Hughes signing would pile pressure on defencemen Pouliot and Hutton
With or without Quinn Hughes, the Vancouver Canucks have a couple of defencemen who have been put on watch.
The NHL team is looking for a lot of progress this summer from Derrick Pouliot and Ben Hutton, puckmoving defencemen who could either make significant strides or be left in the dust.
Pouliot, 24, and Hutton, 25, should top anyone’s list of the Canucks who have the potential to show up most-improved this fall. They were each challenged at the end of last season to improve their conditioning in a major way. The Hughes’ draft pick only stiffened the challenge.
But is there room in Vancouver for both Hutton and Pouliot, whose battles for playing time will grow exponentially if Hughes signs? And if you were to move one of them, who would it be?

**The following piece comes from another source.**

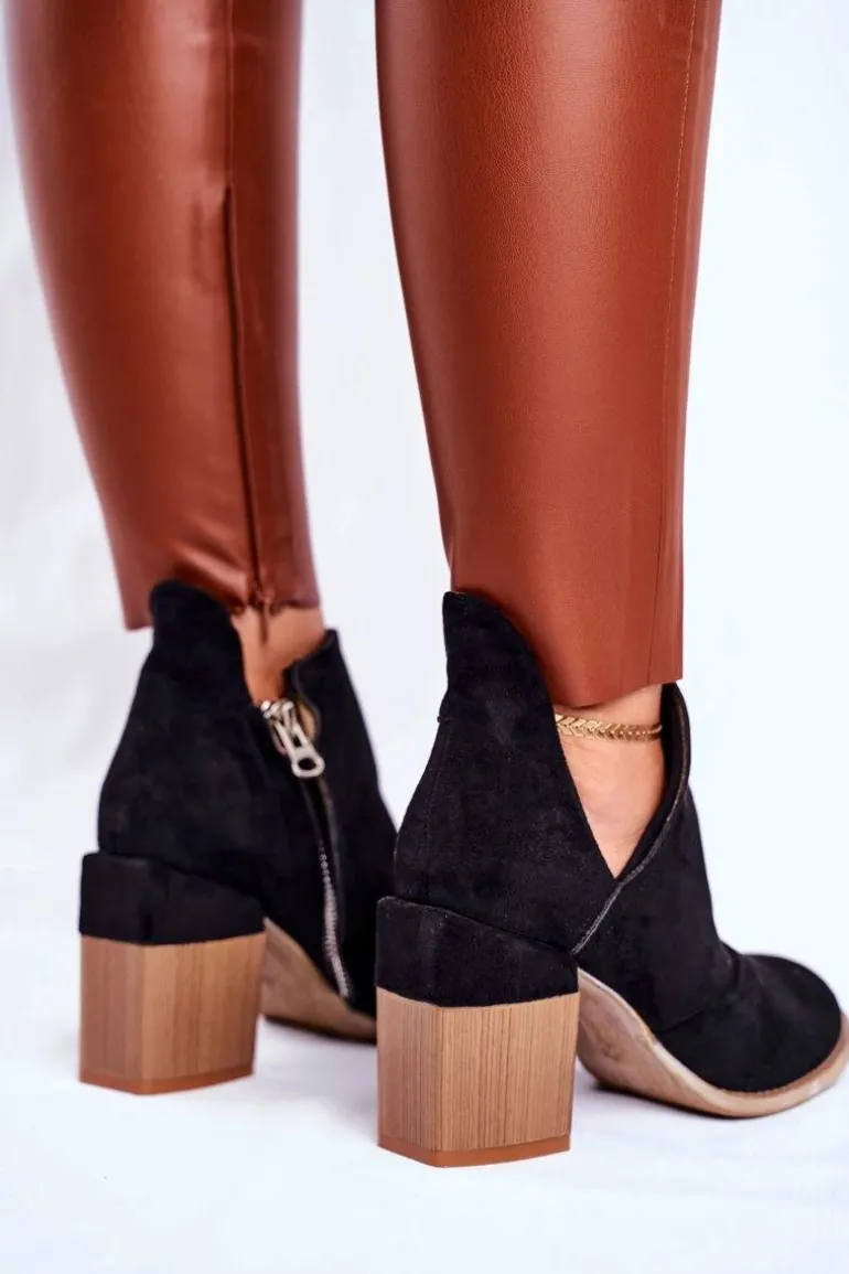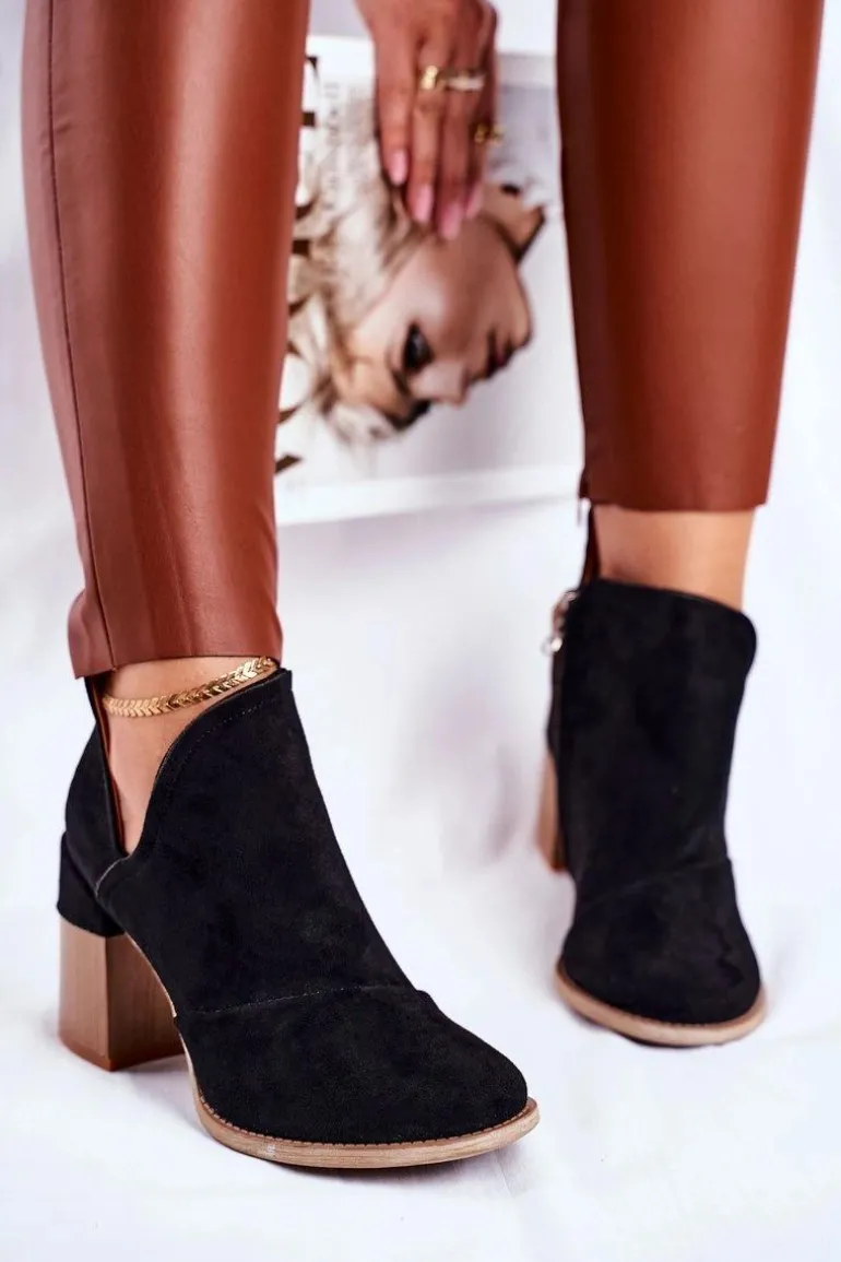 Damskie Botki Na Słupku Czarne Wycięte Meliori
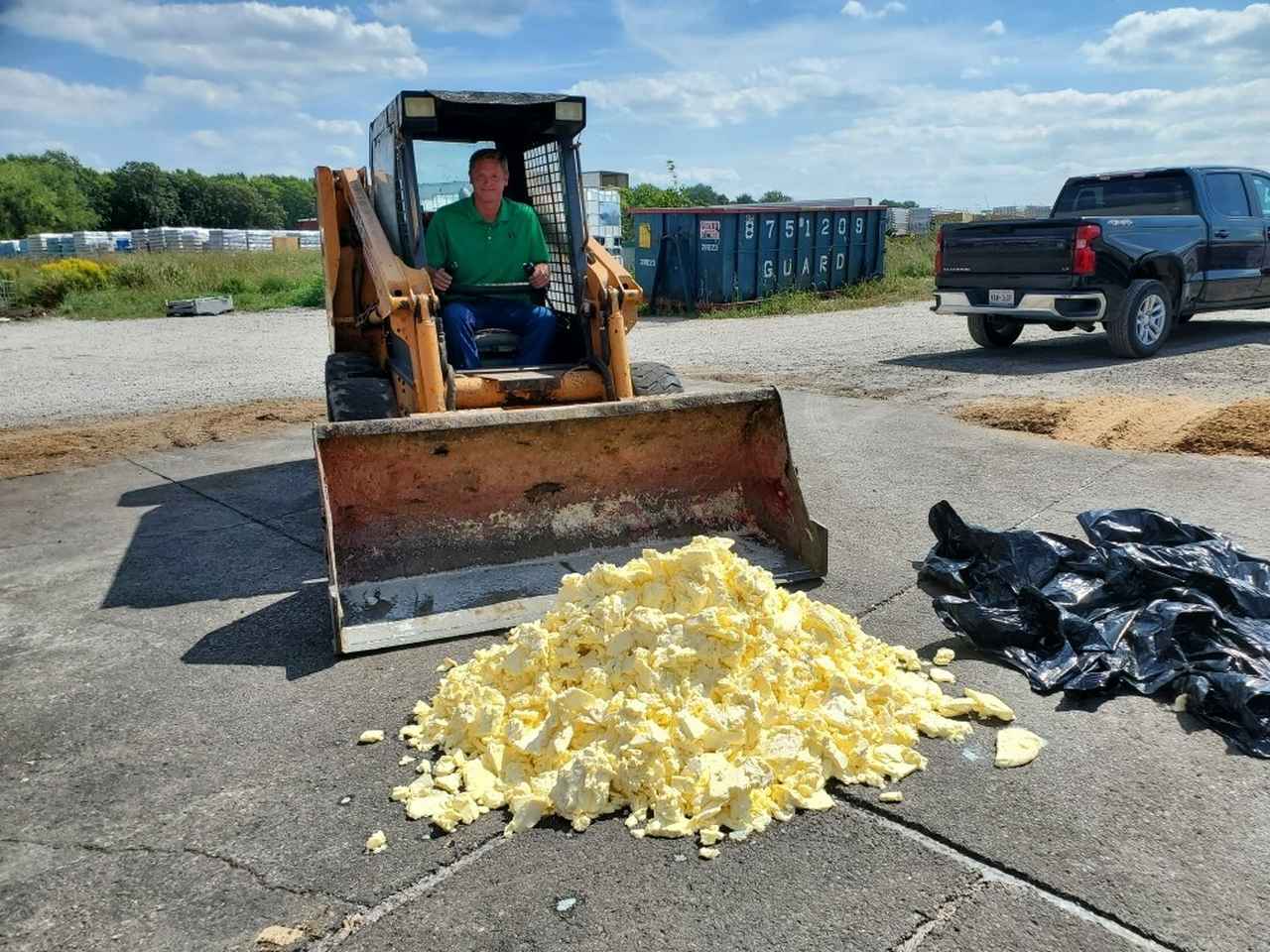 バター彫刻には、さまざまな理由で販売や消費に適さないバターが使用されており、お祭りでの展示が終わると、解体されたバターは酪農場へと運ばれる。

The irony is Pouliot and Hutton probably shouldn’t be bubble players. Among the regular defencemen, they had the most positive impact on puck possession, finishing one-two in controlling unblocked shot-attempt differential among blue-liners who were in at least 60 games.

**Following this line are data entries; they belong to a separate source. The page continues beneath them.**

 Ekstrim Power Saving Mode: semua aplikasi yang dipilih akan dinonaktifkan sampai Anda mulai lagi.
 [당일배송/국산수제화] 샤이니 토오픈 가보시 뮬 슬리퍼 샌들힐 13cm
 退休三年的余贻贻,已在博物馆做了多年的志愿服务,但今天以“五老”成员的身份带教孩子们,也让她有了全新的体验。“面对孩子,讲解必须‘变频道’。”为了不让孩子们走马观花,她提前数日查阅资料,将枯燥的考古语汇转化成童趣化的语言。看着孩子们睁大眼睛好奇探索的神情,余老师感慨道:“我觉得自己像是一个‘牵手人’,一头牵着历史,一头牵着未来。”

That’s good but their playing time didn’t reflect it. As the season went on, the less they were deployed. Pouliot was clearly ahead of Hutton by the end of the season and his 22 points in 71 games was a career high.
That’s actually promising and you can’t help but wonder what a motivated, in-shape Pouliot could achieve under head coach Travis Green. He has a much better chance at playing time and success with the Canucks than Hutton does, but he’d also be a much more valuable trade chip if the team is looking to clear out room for Hughes.
Hutton hasn’t hit 20 points since his rookie season when he reached 25. His numbers have trended down since, and this past season he had no goals and six assists.
That’s not good, especially for a player who is not overly physical.
Hutton is often viewed as a player the Canucks would like to move to upset the logjam they have on the blue-line. But he’s not even among the top six defenders right now so does trading him really clear out any room for Hughes?
Hutton also has a $2.8 million cap hit. There aren’t many teams chasing $2.8 million puck-moving defencemen fresh off a season in which they didn’t score a goal. The Canucks could retain salary. But there is another issue with Hutton. He’s a pending restricted free agent and will need to be qualified at his 2018-19 base salary which is $2.4 million.
He’d need to have a vastly improved season to make it worth it. If he’s not qualified he’d have the chance to become an unrestricted free agent.
Some in the market have given up on Hutton, but his underlying data was strong last season and he is a much better defenceman than the six points suggest.
Green hasn’t given up on Hutton, by the way. The past seven months is the first string of adversity Hutton faced as an NHL player. How he comes out of it could still be a game changer.
Green has put a lot of work into reshaping Hutton as a player and person. He’s eager to see how it translates this September at training camp.
If he comes back with a chip on his shoulder and in better shape, can Hutton find his way back into the Canucks’ top four?
The answer to that one becomes a lot more complicated if the Canucks ended up signing Hughes.